[INPUT FOR THIS TASK — start]
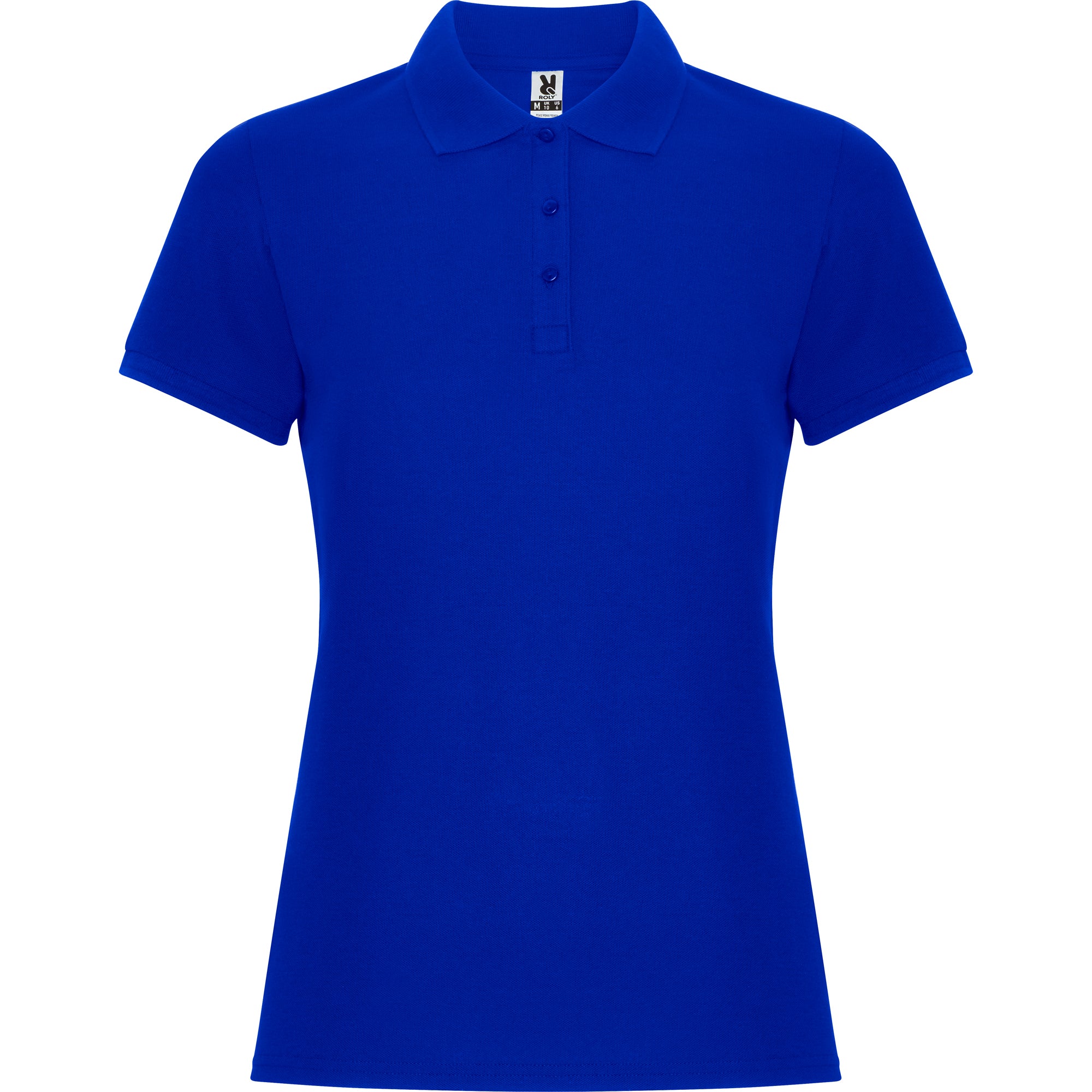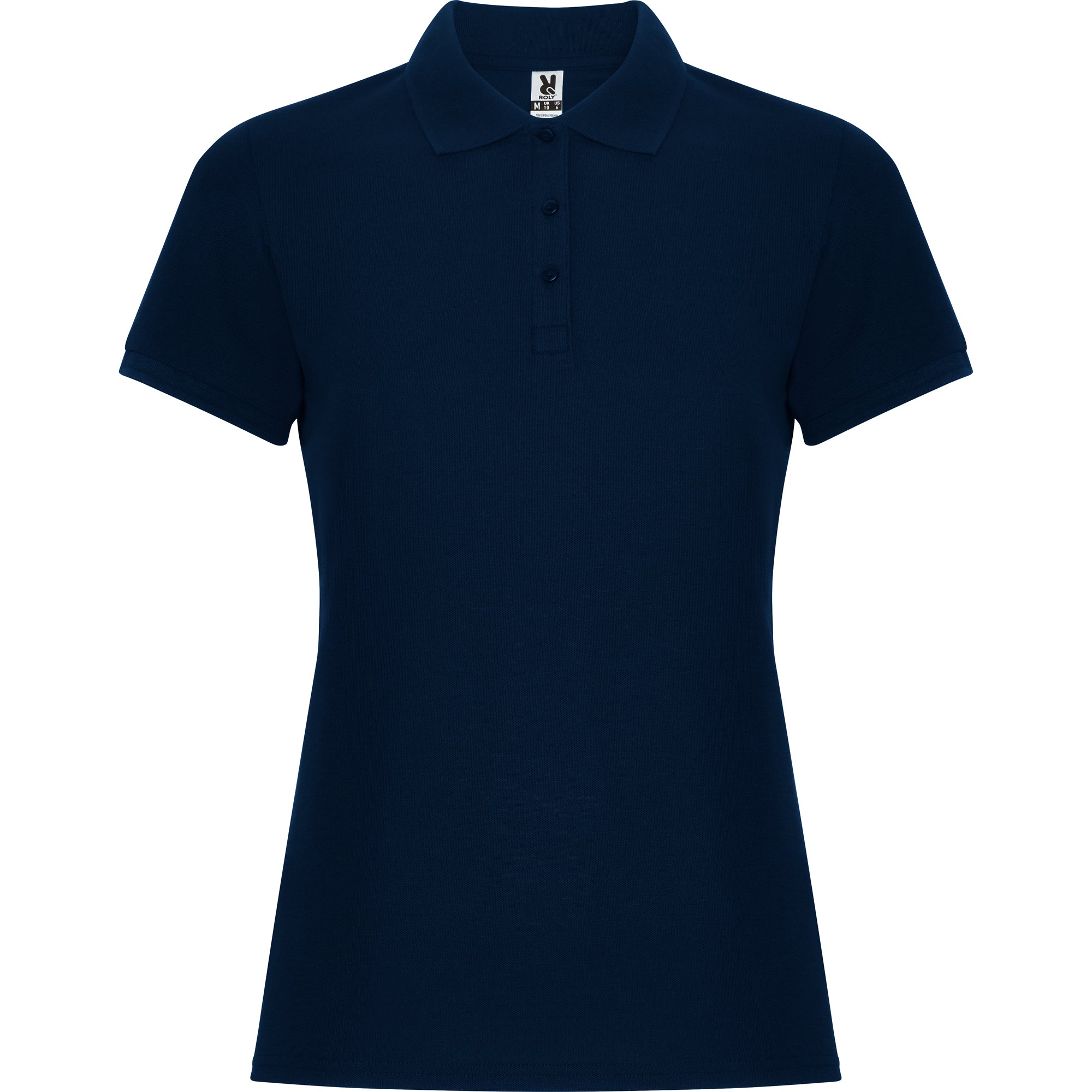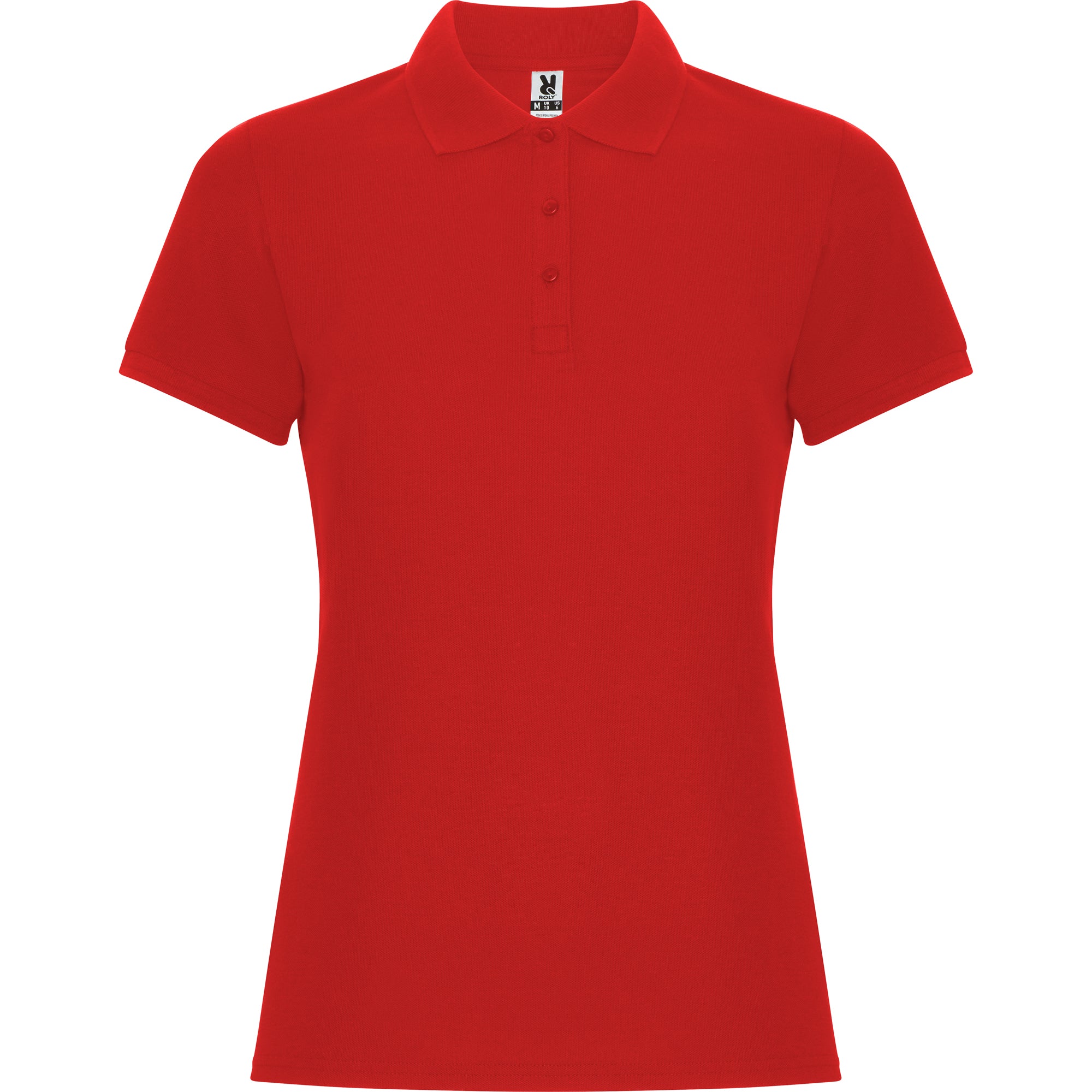 Polo de manga corta para mujer. Cuello y bocamangas en tricotosa. Tapeta fina de 3 botones. Cubrecosturas reforzado en cuello y aperturas laterales.
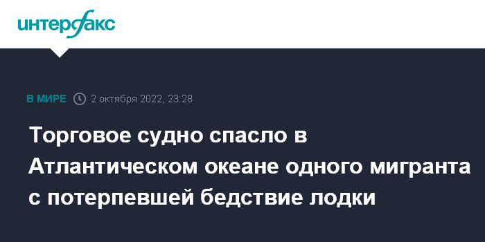Торговое судно спасло в Атлантическом океане одного мигранта с потерпевшей бедствие лодки
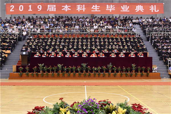 6月19日,我校隆重举行2019届本科生毕业典礼。河海大学杰出校友、南京水利科学研究院陈生水院长,老挝国家电力公司戈莫占副总经理,中国电建昆明勘测设计研究院杨光亮副总经理作为特邀嘉宾出席毕业典礼。校党委书记唐洪武,校长徐辉,副校长徐卫亚,校党委副书记郭继超,校总会计师张兵,副校长许峰,副校长郑金海,各学院及各有关部门负责人,四千余名本科毕业生以及学生家长参加了典礼。董增川副校长主持典礼。
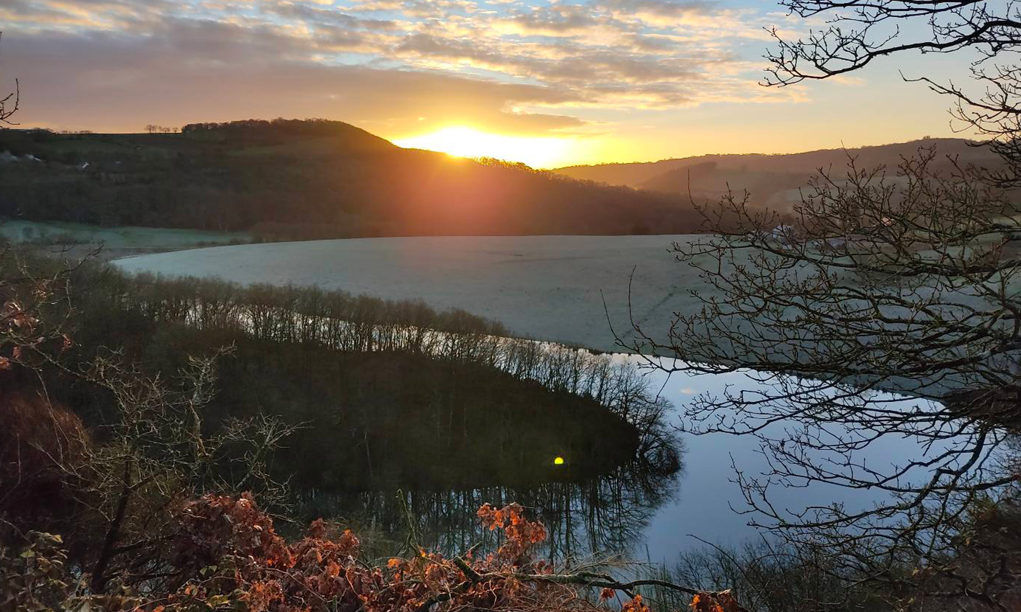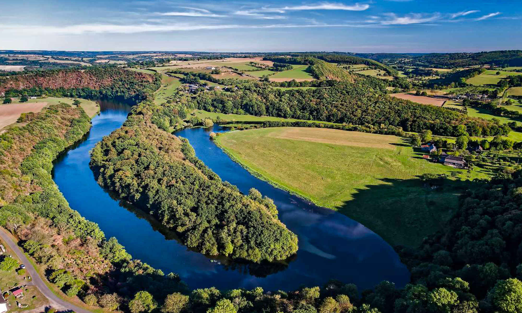 Vue sur le méandre de l’Orne, digne des Ardennes et passage près de la charmante église de la Plisse.
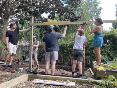 From 2024-5, we co-designed and built an accessible compost toilet for community garden visitors in Tower Hamlets. This project was funded by Just FACT, and is part of a borough wide network of people and projects, coming together to create the building blocks for an alternative food system that is democratic, environmentally sustainable, and people-driven.
[INPUT FOR THIS TASK — finish]
Give a verbatim transcription of the entries, leaving out the pictures.

 Polo de manga corta para mujer. Cuello y bocamangas en tricotosa. Tapeta fina de 3 botones. Cubrecosturas reforzado en cuello y aperturas laterales.
Торговое судно спасло в Атлантическом океане одного мигранта с потерпевшей бедствие лодки
 6月19日,我校隆重举行2019届本科生毕业典礼。河海大学杰出校友、南京水利科学研究院陈生水院长,老挝国家电力公司戈莫占副总经理,中国电建昆明勘测设计研究院杨光亮副总经理作为特邀嘉宾出席毕业典礼。校党委书记唐洪武,校长徐辉,副校长徐卫亚,校党委副书记郭继超,校总会计师张兵,副校长许峰,副校长郑金海,各学院及各有关部门负责人,四千余名本科毕业生以及学生家长参加了典礼。董增川副校长主持典礼。
 Vue sur le méandre de l’Orne, digne des Ardennes et passage près de la charmante église de la Plisse.
 From 2024-5, we co-designed and built an accessible compost toilet for community garden visitors in Tower Hamlets. This project was funded by Just FACT, and is part of a borough wide network of people and projects, coming together to create the building blocks for an alternative food system that is democratic, environmentally sustainable, and people-driven.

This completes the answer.